* _Directions for this task_
Working through the data below, reproduce word for word the line with "꿈꾸기을 멈추는 순간부터" and every line after it, both ends included, and omit the pictures.

'''

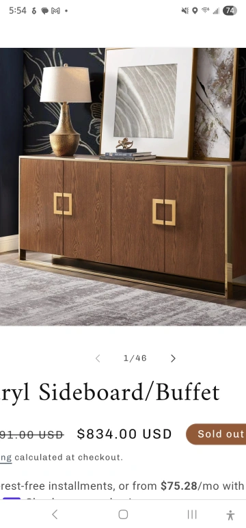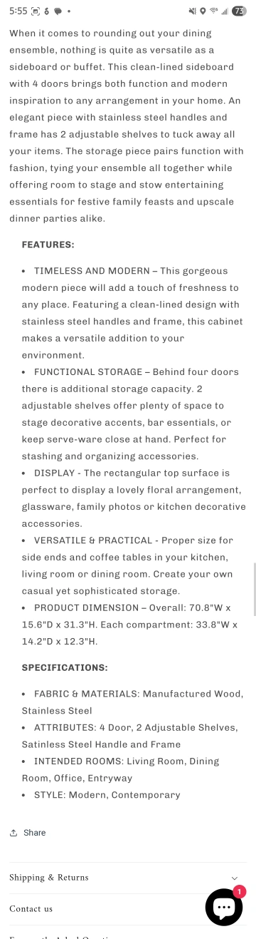 10BRAND NEW UNOPENED BOX This clean-lined sideboard with 4 doors brings both function and modern inspiration to any arrangement in your home. It features a timeless and modern design that will add a touch of freshness to any place. Behind four doors there is additional storage capacity with 2 adjustable shelves offering plenty of space. - Dimensions: 70.8"W x 15.6"D x 31.3"H - Each compartment: 33.8"W x 14.2"D x 12.3"H - Materials: Manufactured Wood, Stainless Steel - Style: Modern, Contemporary
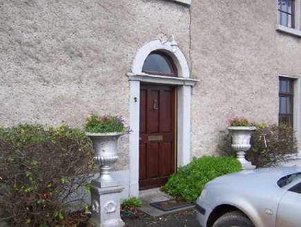 Detached three-bay two-storey house with attic level, built c.1790. Pitched natural slate roof with rendered chimneystacks to either end and modern rooflights. Roughcast rendered walls over smooth rendered plinth with raised block quoins to corners. Square-headed window openings with cut stone sills and replacement timber casement windows. Small square-headed attic window openings to haunches of gables (east and west). Central round-headed doorcase with cut limestone surround with Cavetto cornice to lintel, timber panelled door having plain fanlight over. Set back from road in own grounds with complex of outbuildings to the rear (north). Main entrance gates and boundary wall to south.
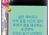 꿈꾸기을 멈추는 순간부터 .. 인기글 꿈꾸기를 멈추는 순간부터... 만약 꿈꾸기를 멈추고 더 이상 원하는 것이 없이 편안함을 느낀다면, 더 이상 자라지 않는다는 뜻입니다.사람이 나이가 들어 꿈꾸기를 멈추는 것이 아닙니다. 꿈꾸기를 멈추는 순간부터 나이가 드는 겁니다. 그러니 끊임없이 꿈에 투자하십시오. 꿈은 나이가 없습니다. 사람에게는 나이가 있지만 꿈은 영원합니다. 우리가 꿈꾸기를 멈추는 순간부터 나이가 드는 겁니다.그러니 여러분도 끊임없이 꿈을 꾸시고, 꿈에 투자하십시오.꿈은 죽지 않습니다. (2009-09-23 03:00:32)
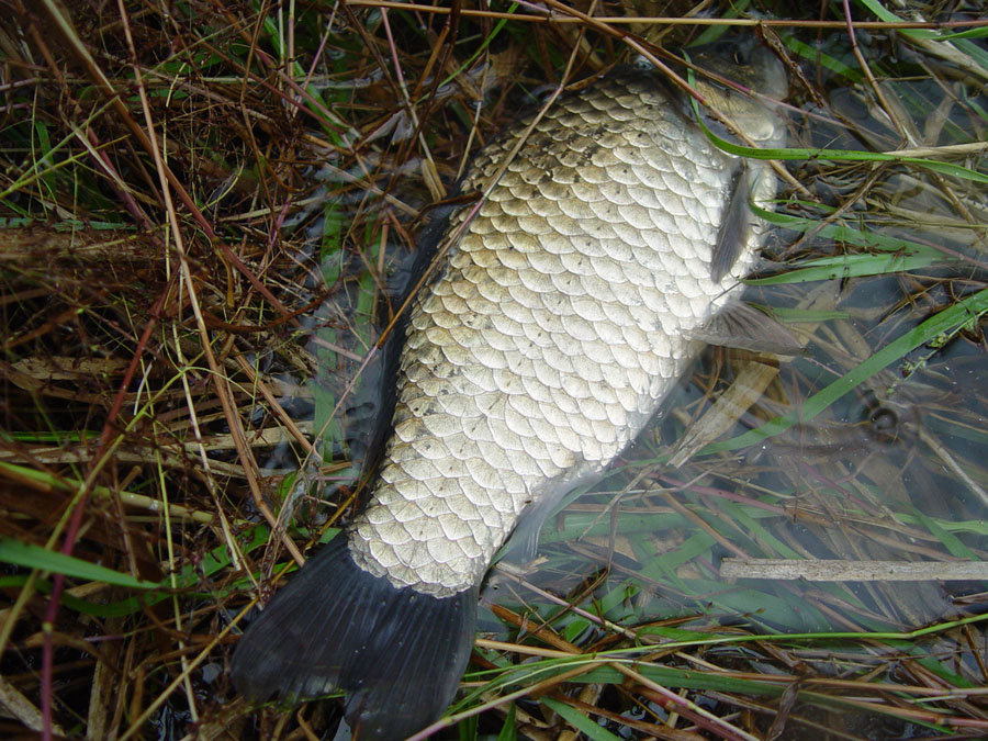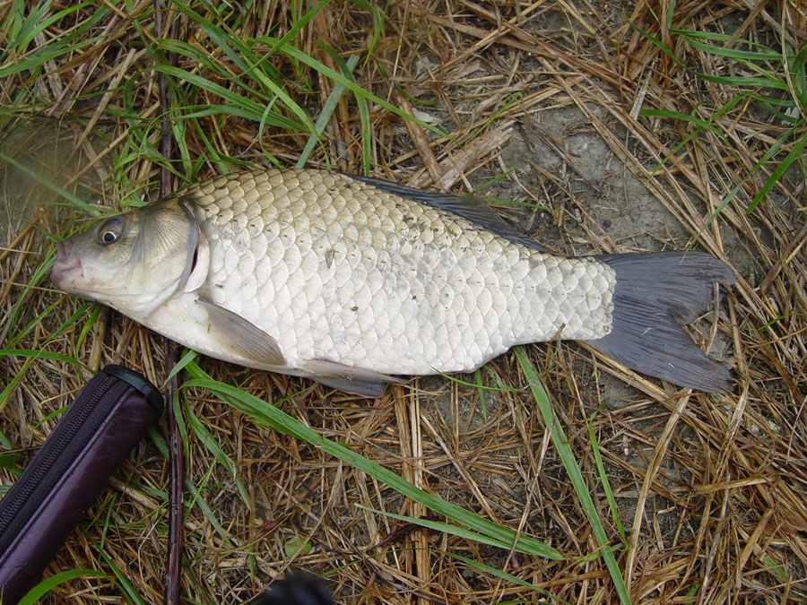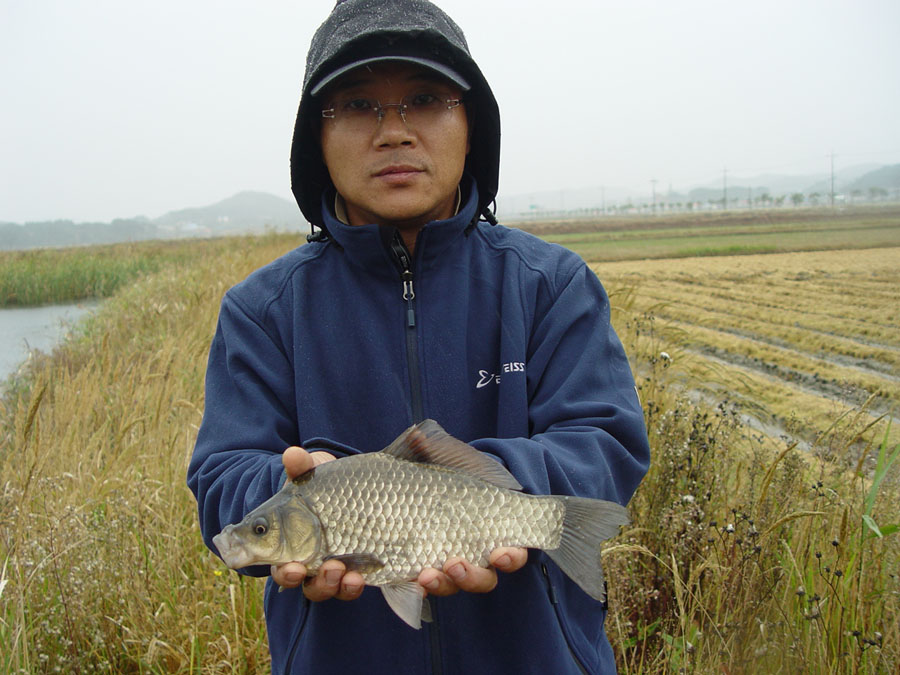 구찌님이 새벽녁에 걸어낸 둠벙의 8치급 붕어의 모습
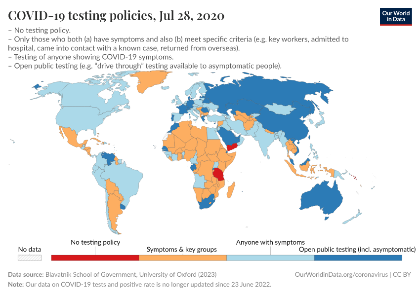 Blavatnik School of Government, University of Oxford (2023) – with minor processing by Our World in Data. “COVID-19 testing policies” [dataset]. Blavatnik School of Government, University of Oxford, “Government Response Tracker (OxCGRT)” [original data]. Retrieved December 8, 2025 from https://archive.ourworldindata.org/20250909-093708/grapher/covid-19-testing-policy.html (archived on September 9, 2025).

'''

* _Final answer_
 꿈꾸기을 멈추는 순간부터 .. 인기글 꿈꾸기를 멈추는 순간부터... 만약 꿈꾸기를 멈추고 더 이상 원하는 것이 없이 편안함을 느낀다면, 더 이상 자라지 않는다는 뜻입니다.사람이 나이가 들어 꿈꾸기를 멈추는 것이 아닙니다. 꿈꾸기를 멈추는 순간부터 나이가 드는 겁니다. 그러니 끊임없이 꿈에 투자하십시오. 꿈은 나이가 없습니다. 사람에게는 나이가 있지만 꿈은 영원합니다. 우리가 꿈꾸기를 멈추는 순간부터 나이가 드는 겁니다.그러니 여러분도 끊임없이 꿈을 꾸시고, 꿈에 투자하십시오.꿈은 죽지 않습니다. (2009-09-23 03:00:32)
 구찌님이 새벽녁에 걸어낸 둠벙의 8치급 붕어의 모습
 Blavatnik School of Government, University of Oxford (2023) – with minor processing by Our World in Data. “COVID-19 testing policies” [dataset]. Blavatnik School of Government, University of Oxford, “Government Response Tracker (OxCGRT)” [original data]. Retrieved December 8, 2025 from https://archive.ourworldindata.org/20250909-093708/grapher/covid-19-testing-policy.html (archived on September 9, 2025).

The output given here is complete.